We see that from version 0.4-0, sf
may be linked to lwgeom
,
library(sf)
## Linking to GEOS 3.5.1, GDAL 2.1.3, proj.4 4.9.2, lwgeom 2.3.1 r15264
where lwgeom
stands for the light-weight geometry library that
powers postgis. This library is not present on CRAN, so binary packages
installed from CRAN will not come with it. It is only linked to sf
when it is detected during a build from source. When lwgeom
is
present, we will have a working version of st_make_valid
, which is
essentially identical to PostGIS’ ST_makeValid
.
Corrup or invalid geometries?
There are two types of things that can go wrong when dealing with
geometries in sf
. First, a geometry can be corrupt, which is for
instance the case for a LINESTRING
with one point, or a POLYGON
with
more than zero and less than 4 points:
l0 = st_linestring(matrix(1:2,1,2))
p0 = st_polygon(list(rbind(c(0,0),c(1,1),c(0,0))))
These cases could of course be easily caught by the respective
constructor functions, but they are not because we want to see what
happens. Also, if we would catch them, it would not prevent us from
running into them, because the majority of spatial data enters R through
GDAL, and sf
’s binary interface (reading well-known
binary).
Also, for many purposes corrupt may not be a problem, e.g. if we only
want to plot them. In case we want to use them however in geometrical
operations, we’ll typically see a message like:
IllegalArgumentException: Invalid number of points in LinearRing found 3 - must be 0 or >= 4
which points to GEOS not accepting a geometry as a possible geometry.

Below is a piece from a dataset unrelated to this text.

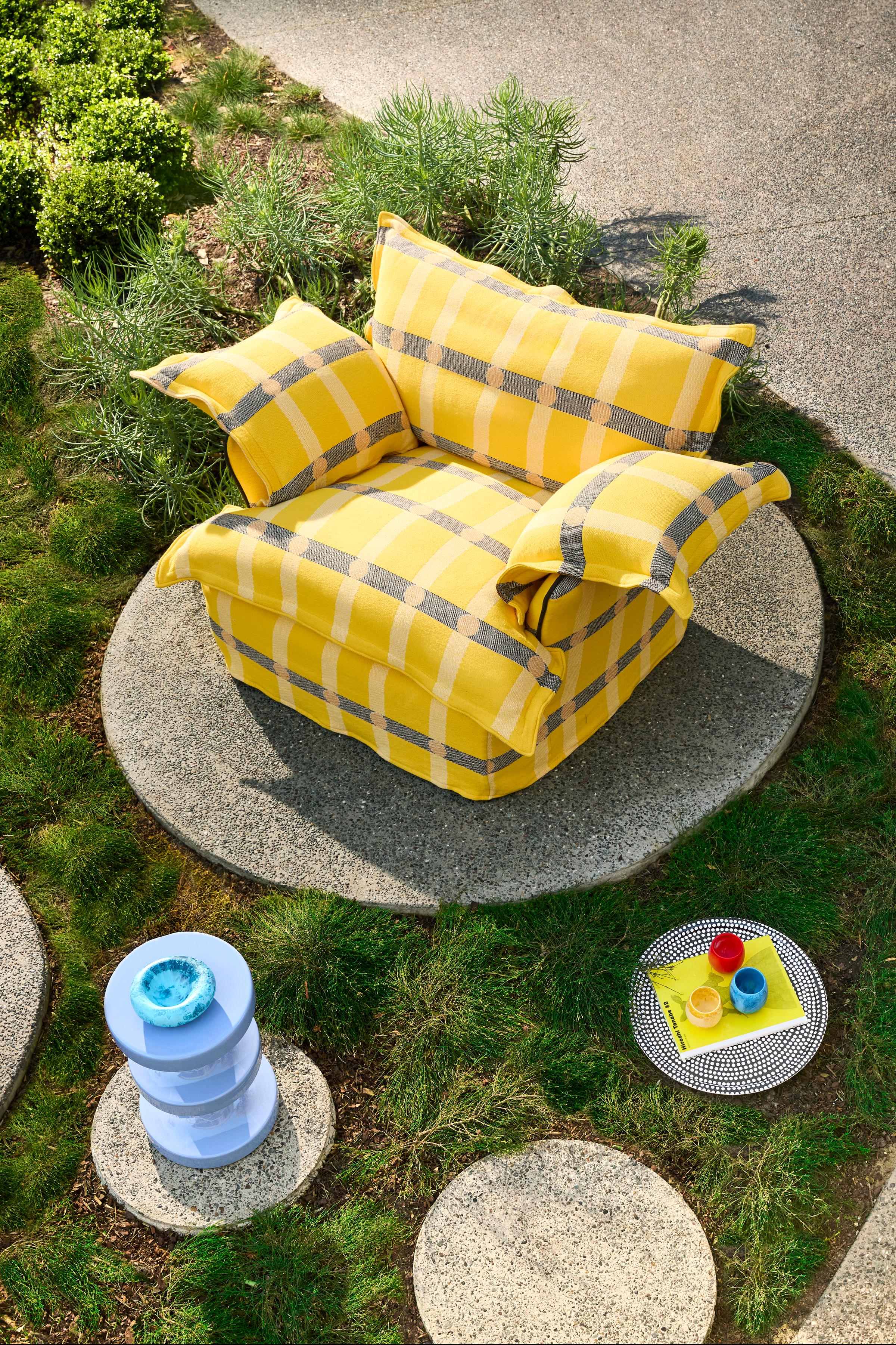 Der Ausgangspunkt ist der Sessel selbst - dieses unwahrscheinlich großzügige Möbelstück wird oft als der bequemste Sessel der Welt bezeichnet. Die Leute kaufen nicht einfach einen Maker & Son-Stuhl, sie behalten ihn, sie leben mit ihm, sie teilen ihn. Deshalb wirkt die Möglichkeit, seine Haut zu erneuern, den Bezug zu wechseln, ohne den Stuhl zu wechseln, wie eine kleine Revolution. Dauerhaftigkeit und Neuerfindung können in der Tat nebeneinander bestehen.

Such an error message however does not point us to which geometry
caused this. We could of course write a loop over all geometries to find
this out, but can also use st_is_valid
which returns by default NA
on corrupt geometries:
l0 = st_linestring(matrix(1:2,1,2))
p0 = st_polygon(list(rbind(c(0,0),c(1,1),c(0,0))))
p = st_point(c(0,1)) # not corrupt
st_is_valid(st_sfc(l0, p0, p))
## [1] NA NA TRUE
Simple feature validity refers to a number of properties that polygons should have, such as non-self intersecting, holes being inside polygons. A number of different examples for invalid geometries are found in Ledoux, Ohori, and Meijers (2014), and were taken from their prepair github repo:
# A 'bowtie' polygon:
p1 = st_as_sfc("POLYGON((0 0, 0 10, 10 0, 10 10, 0 0))")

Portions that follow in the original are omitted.